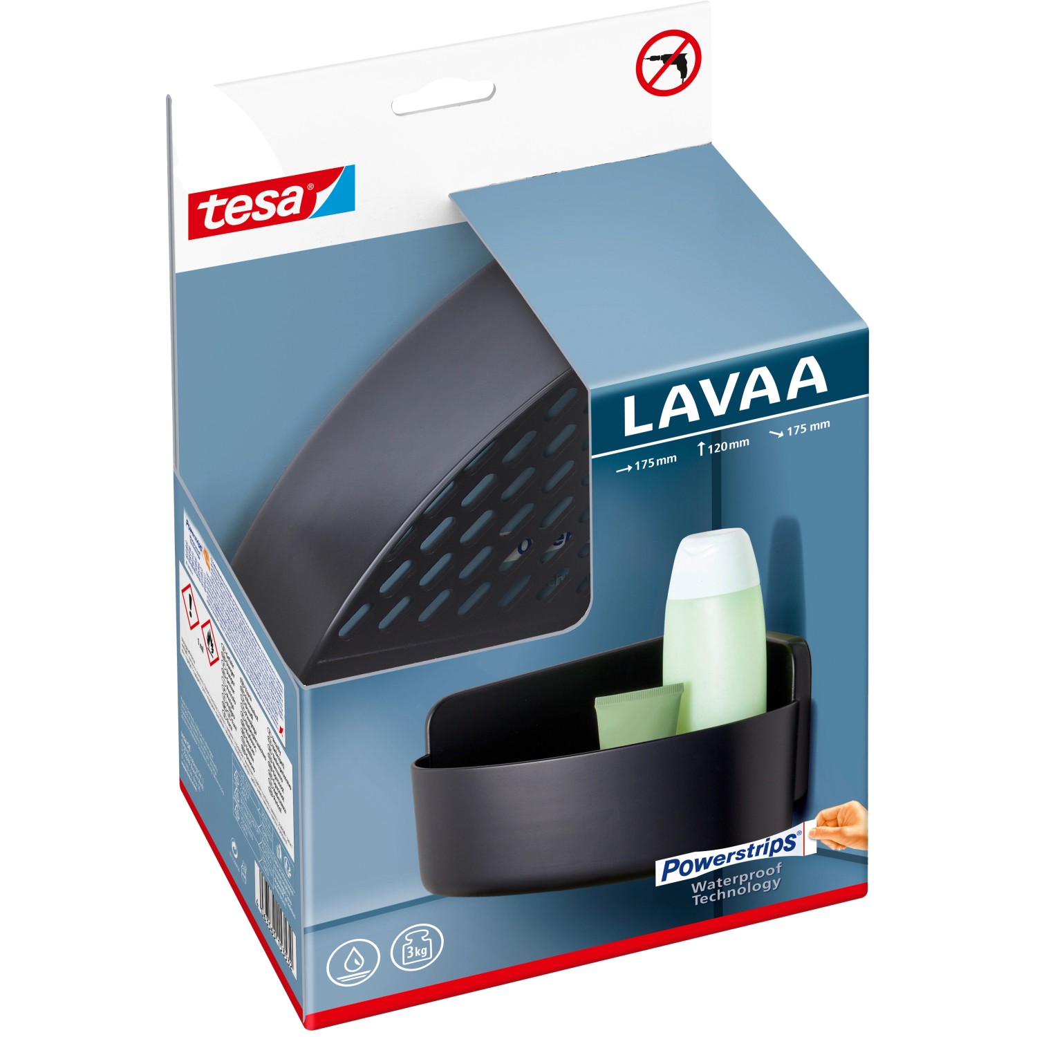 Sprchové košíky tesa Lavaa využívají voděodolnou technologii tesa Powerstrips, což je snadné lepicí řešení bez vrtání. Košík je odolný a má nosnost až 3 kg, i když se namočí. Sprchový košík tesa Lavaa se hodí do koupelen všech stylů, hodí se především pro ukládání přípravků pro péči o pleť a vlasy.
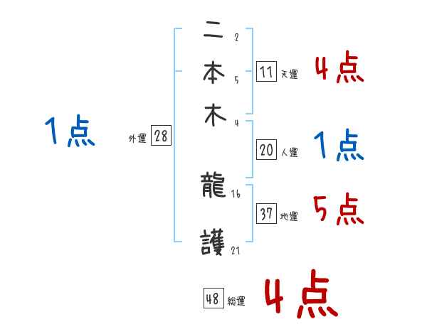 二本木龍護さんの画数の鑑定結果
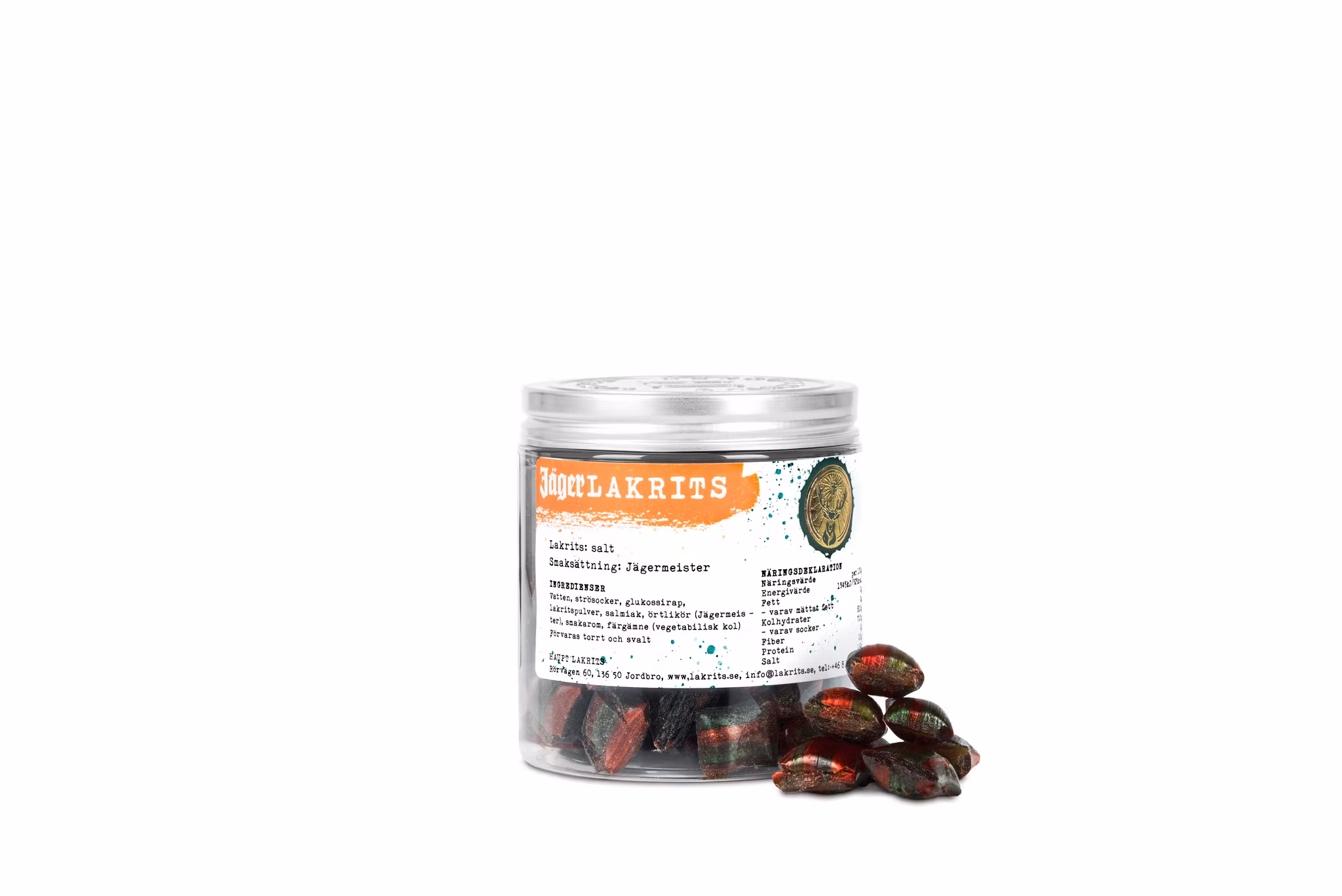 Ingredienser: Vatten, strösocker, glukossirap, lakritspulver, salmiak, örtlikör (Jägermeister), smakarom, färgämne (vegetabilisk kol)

# [Work to complete]
All of the data is to be returned exactly, with no pictures included.

# [Exercise answer]
 Sprchové košíky tesa Lavaa využívají voděodolnou technologii tesa Powerstrips, což je snadné lepicí řešení bez vrtání. Košík je odolný a má nosnost až 3 kg, i když se namočí. Sprchový košík tesa Lavaa se hodí do koupelen všech stylů, hodí se především pro ukládání přípravků pro péči o pleť a vlasy.
 二本木龍護さんの画数の鑑定結果
 Ingredienser: Vatten, strösocker, glukossirap, lakritspulver, salmiak, örtlikör (Jägermeister), smakarom, färgämne (vegetabilisk kol)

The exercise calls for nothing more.